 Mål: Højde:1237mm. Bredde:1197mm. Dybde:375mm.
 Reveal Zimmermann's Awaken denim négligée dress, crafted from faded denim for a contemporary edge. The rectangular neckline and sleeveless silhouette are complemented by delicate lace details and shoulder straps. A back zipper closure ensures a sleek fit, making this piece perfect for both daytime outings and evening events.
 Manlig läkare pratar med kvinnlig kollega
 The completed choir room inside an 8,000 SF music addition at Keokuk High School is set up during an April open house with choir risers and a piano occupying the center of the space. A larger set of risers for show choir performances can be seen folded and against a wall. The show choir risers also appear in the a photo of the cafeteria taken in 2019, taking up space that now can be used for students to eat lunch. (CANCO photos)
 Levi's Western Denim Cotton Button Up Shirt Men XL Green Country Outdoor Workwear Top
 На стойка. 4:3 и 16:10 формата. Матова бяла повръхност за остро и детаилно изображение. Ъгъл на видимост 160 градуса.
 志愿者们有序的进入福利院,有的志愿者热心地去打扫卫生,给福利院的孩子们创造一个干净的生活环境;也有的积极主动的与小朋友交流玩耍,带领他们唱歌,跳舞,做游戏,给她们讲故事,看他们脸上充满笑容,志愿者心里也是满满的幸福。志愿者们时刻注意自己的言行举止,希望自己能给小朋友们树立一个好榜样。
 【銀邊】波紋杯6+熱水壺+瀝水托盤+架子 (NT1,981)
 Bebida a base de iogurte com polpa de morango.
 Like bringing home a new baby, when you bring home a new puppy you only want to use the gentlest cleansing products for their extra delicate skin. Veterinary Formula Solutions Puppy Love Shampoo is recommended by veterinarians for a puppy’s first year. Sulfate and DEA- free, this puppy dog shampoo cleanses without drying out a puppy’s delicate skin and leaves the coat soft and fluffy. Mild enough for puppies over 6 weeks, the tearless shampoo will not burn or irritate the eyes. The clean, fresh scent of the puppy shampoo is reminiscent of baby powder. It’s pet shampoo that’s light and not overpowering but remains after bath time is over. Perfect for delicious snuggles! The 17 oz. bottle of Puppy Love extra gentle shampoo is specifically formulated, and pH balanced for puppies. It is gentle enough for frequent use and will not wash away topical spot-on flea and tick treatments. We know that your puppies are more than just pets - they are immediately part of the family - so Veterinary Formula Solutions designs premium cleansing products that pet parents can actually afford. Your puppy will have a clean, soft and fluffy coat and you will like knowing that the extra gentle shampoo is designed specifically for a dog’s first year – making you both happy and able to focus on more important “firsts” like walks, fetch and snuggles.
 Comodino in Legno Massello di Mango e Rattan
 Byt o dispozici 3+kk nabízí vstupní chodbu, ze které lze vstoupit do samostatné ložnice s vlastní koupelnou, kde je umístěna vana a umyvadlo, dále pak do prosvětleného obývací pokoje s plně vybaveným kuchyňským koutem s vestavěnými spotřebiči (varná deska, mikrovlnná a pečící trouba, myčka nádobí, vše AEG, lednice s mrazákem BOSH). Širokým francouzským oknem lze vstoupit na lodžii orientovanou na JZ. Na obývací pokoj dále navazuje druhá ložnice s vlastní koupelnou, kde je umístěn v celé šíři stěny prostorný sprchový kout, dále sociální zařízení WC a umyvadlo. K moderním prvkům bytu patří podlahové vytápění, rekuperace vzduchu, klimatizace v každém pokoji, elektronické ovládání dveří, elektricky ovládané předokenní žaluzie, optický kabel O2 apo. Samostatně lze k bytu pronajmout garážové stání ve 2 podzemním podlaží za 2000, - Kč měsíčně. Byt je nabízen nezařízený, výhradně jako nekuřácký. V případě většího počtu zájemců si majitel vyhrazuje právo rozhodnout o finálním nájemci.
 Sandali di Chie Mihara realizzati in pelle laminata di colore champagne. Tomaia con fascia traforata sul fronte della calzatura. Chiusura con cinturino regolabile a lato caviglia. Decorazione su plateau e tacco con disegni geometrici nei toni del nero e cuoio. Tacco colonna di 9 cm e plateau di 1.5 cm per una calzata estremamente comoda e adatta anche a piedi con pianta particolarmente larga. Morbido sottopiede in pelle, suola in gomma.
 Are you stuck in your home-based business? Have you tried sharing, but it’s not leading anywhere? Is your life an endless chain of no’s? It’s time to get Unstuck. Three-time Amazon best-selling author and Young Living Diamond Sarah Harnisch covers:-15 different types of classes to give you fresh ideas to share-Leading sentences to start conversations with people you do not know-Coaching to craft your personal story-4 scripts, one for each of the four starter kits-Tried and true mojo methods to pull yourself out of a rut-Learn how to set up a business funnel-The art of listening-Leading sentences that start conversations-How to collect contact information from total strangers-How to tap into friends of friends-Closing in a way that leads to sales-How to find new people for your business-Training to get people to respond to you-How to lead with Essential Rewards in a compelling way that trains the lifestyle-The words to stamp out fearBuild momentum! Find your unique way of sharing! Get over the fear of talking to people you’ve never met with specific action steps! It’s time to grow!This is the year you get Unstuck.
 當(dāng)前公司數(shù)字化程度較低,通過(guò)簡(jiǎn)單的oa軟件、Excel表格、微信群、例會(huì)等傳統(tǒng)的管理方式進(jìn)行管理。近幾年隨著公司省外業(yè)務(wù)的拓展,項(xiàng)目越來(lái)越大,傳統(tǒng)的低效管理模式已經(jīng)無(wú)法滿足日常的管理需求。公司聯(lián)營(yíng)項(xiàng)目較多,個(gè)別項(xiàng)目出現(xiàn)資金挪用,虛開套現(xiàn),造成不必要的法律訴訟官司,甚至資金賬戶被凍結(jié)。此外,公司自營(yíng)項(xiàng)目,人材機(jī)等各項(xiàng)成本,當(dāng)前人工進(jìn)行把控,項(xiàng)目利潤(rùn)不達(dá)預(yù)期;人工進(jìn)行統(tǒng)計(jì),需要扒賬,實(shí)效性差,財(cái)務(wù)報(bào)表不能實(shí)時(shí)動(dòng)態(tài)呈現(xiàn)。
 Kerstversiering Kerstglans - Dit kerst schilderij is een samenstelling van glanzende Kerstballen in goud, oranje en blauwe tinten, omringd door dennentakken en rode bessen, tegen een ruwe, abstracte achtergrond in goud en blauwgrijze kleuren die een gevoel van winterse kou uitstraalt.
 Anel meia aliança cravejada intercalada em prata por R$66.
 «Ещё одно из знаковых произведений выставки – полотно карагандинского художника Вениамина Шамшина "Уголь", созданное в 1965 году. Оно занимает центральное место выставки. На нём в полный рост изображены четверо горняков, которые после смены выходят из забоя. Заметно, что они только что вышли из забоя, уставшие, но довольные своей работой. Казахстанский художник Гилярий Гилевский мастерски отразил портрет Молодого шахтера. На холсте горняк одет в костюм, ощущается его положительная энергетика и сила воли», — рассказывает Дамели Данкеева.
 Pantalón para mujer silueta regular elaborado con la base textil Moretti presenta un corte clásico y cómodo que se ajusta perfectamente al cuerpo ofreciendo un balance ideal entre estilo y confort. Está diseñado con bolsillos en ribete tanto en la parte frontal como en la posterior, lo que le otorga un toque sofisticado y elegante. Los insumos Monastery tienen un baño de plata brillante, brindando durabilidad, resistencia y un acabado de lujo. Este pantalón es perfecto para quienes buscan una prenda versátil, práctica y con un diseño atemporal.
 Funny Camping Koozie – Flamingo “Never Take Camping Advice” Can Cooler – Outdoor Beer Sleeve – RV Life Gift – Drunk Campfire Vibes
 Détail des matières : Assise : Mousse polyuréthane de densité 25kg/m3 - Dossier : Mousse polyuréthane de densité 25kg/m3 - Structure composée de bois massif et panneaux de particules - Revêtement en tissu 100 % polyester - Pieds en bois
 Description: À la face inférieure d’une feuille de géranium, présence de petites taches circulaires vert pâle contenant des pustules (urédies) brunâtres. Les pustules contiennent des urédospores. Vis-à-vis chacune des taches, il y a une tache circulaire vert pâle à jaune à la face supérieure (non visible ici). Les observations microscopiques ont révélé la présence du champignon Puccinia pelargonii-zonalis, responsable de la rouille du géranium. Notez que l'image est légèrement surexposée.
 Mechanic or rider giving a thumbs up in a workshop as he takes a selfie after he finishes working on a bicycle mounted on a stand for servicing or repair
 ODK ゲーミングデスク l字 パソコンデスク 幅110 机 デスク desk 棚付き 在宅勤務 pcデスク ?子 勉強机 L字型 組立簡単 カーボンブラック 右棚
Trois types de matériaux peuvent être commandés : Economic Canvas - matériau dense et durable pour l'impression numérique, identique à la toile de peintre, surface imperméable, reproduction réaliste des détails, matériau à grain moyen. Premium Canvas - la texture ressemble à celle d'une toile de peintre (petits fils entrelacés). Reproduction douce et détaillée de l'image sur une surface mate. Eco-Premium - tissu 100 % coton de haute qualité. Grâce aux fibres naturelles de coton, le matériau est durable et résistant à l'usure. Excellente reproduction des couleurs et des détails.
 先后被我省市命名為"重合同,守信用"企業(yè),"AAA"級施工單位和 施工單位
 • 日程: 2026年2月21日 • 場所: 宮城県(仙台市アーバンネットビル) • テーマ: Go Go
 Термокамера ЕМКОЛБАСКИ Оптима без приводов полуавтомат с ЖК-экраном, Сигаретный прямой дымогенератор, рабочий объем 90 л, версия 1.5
==================================================
§ **ABOUT THIS EXERCISE**: Quote verbatim the opening lines of the listing above, ending with the line where "Manlig läkare pratar med kvinnlig kollega" appears; include both endpoints and nothing more.

§ **TASK ANSWER**:
 Mål: Højde:1237mm. Bredde:1197mm. Dybde:375mm.
 Reveal Zimmermann's Awaken denim négligée dress, crafted from faded denim for a contemporary edge. The rectangular neckline and sleeveless silhouette are complemented by delicate lace details and shoulder straps. A back zipper closure ensures a sleek fit, making this piece perfect for both daytime outings and evening events.
 Manlig läkare pratar med kvinnlig kollega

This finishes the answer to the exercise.